The answer must consist only of the lines in the records below from the line with "商品概要 | 自動で接続機器に適した電流で充電する安心、効率的なスマートIC搭載、携帯に便利な収納できるプラグです。" to the line with "払越産の濃紅一文字大輪で大き", both included, copied word for word with every picture left out.

## Extracted entries
╭──
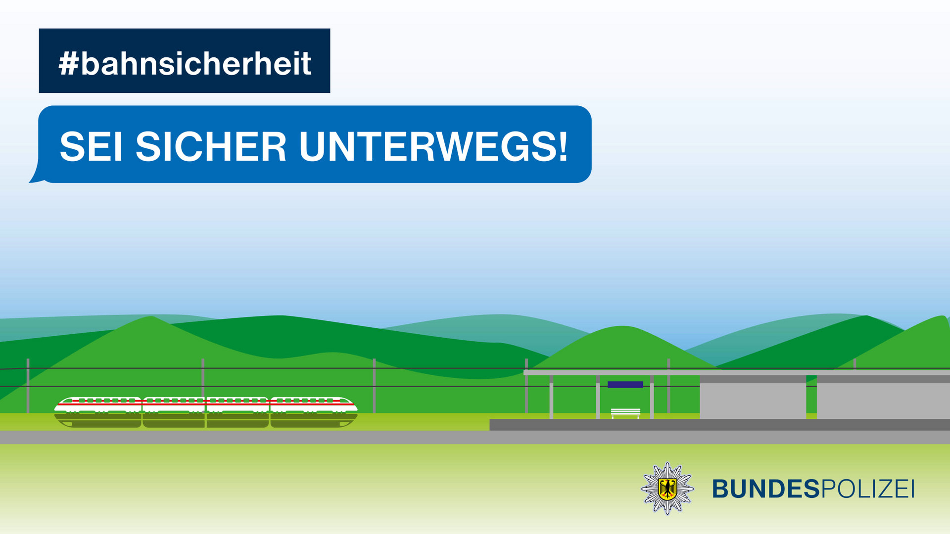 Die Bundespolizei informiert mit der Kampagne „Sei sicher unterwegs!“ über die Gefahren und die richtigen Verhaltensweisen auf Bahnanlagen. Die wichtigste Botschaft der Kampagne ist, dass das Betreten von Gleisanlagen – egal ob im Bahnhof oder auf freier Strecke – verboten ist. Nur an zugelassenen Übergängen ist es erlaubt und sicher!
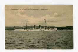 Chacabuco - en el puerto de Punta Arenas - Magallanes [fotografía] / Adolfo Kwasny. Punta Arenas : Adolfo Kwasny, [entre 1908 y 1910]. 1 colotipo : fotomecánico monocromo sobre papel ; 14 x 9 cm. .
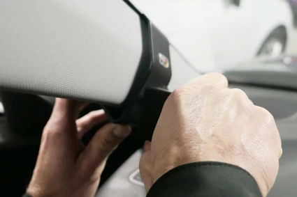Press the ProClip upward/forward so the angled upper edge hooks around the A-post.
╰──
╭──
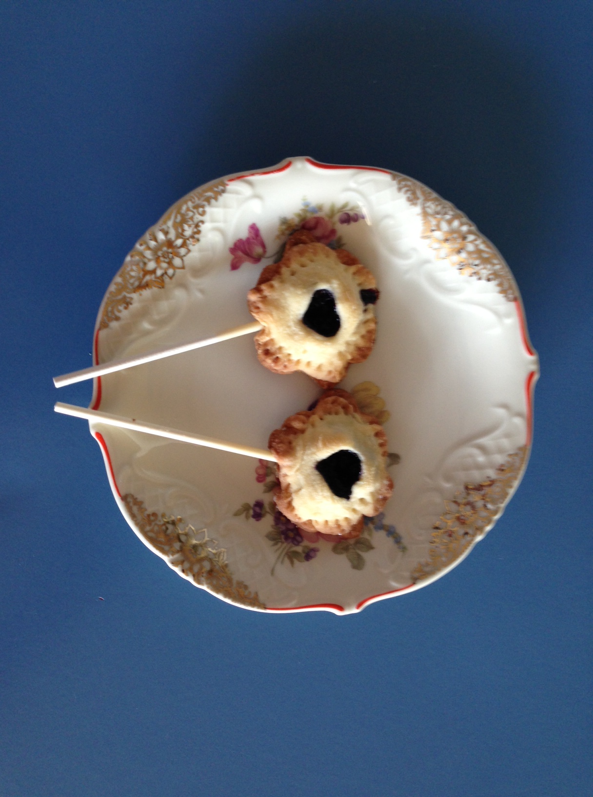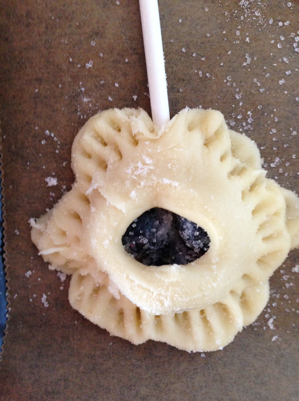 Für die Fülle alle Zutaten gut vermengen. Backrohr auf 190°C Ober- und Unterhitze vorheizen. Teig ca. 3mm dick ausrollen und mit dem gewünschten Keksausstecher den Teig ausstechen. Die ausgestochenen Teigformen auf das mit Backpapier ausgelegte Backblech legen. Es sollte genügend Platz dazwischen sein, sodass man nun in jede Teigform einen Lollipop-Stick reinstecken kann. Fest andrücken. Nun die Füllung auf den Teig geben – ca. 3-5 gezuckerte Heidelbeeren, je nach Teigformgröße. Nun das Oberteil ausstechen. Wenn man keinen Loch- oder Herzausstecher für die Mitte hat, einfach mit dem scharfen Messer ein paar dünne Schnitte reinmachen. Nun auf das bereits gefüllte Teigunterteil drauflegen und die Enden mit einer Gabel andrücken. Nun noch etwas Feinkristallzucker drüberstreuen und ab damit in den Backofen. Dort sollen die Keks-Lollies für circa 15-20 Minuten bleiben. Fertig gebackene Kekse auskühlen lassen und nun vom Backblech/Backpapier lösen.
╰──
╭──
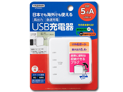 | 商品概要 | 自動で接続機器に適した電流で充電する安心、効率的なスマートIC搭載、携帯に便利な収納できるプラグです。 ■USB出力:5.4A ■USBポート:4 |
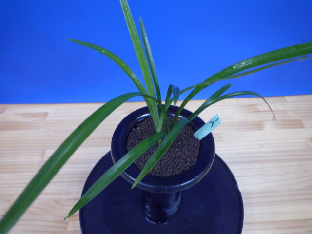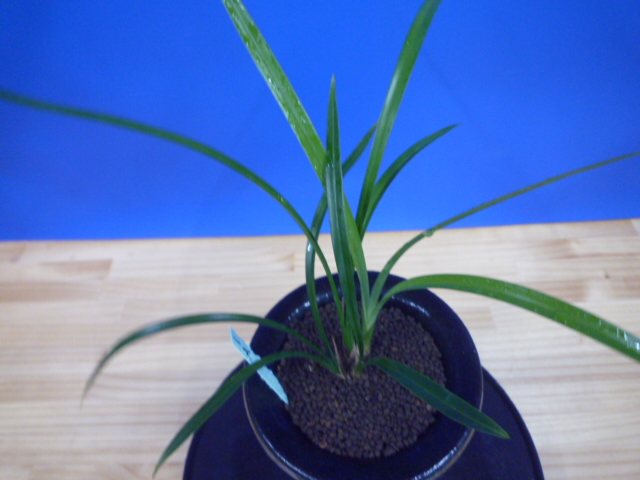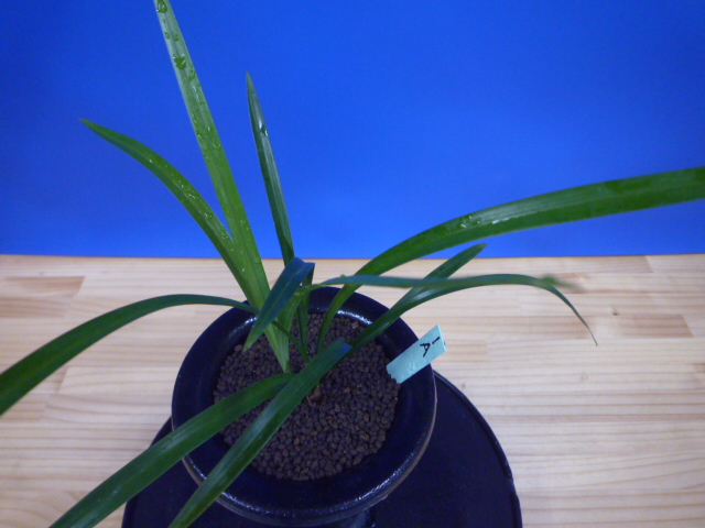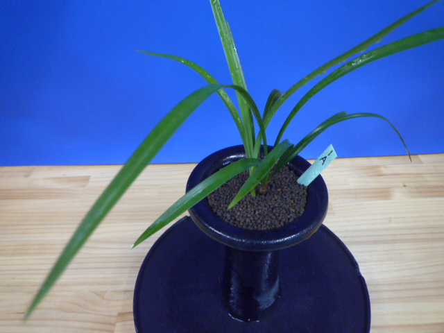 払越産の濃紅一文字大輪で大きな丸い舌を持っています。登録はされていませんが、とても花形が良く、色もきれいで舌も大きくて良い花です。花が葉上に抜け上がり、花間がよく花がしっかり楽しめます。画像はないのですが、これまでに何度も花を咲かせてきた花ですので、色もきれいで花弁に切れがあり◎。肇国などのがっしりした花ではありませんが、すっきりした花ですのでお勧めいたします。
╰──
## Solution for this exercise
 | 商品概要 | 自動で接続機器に適した電流で充電する安心、効率的なスマートIC搭載、携帯に便利な収納できるプラグです。 ■USB出力:5.4A ■USBポート:4 |
 払越産の濃紅一文字大輪で大きな丸い舌を持っています。登録はされていませんが、とても花形が良く、色もきれいで舌も大きくて良い花です。花が葉上に抜け上がり、花間がよく花がしっかり楽しめます。画像はないのですが、これまでに何度も花を咲かせてきた花ですので、色もきれいで花弁に切れがあり◎。肇国などのがっしりした花ではありませんが、すっきりした花ですのでお勧めいたします。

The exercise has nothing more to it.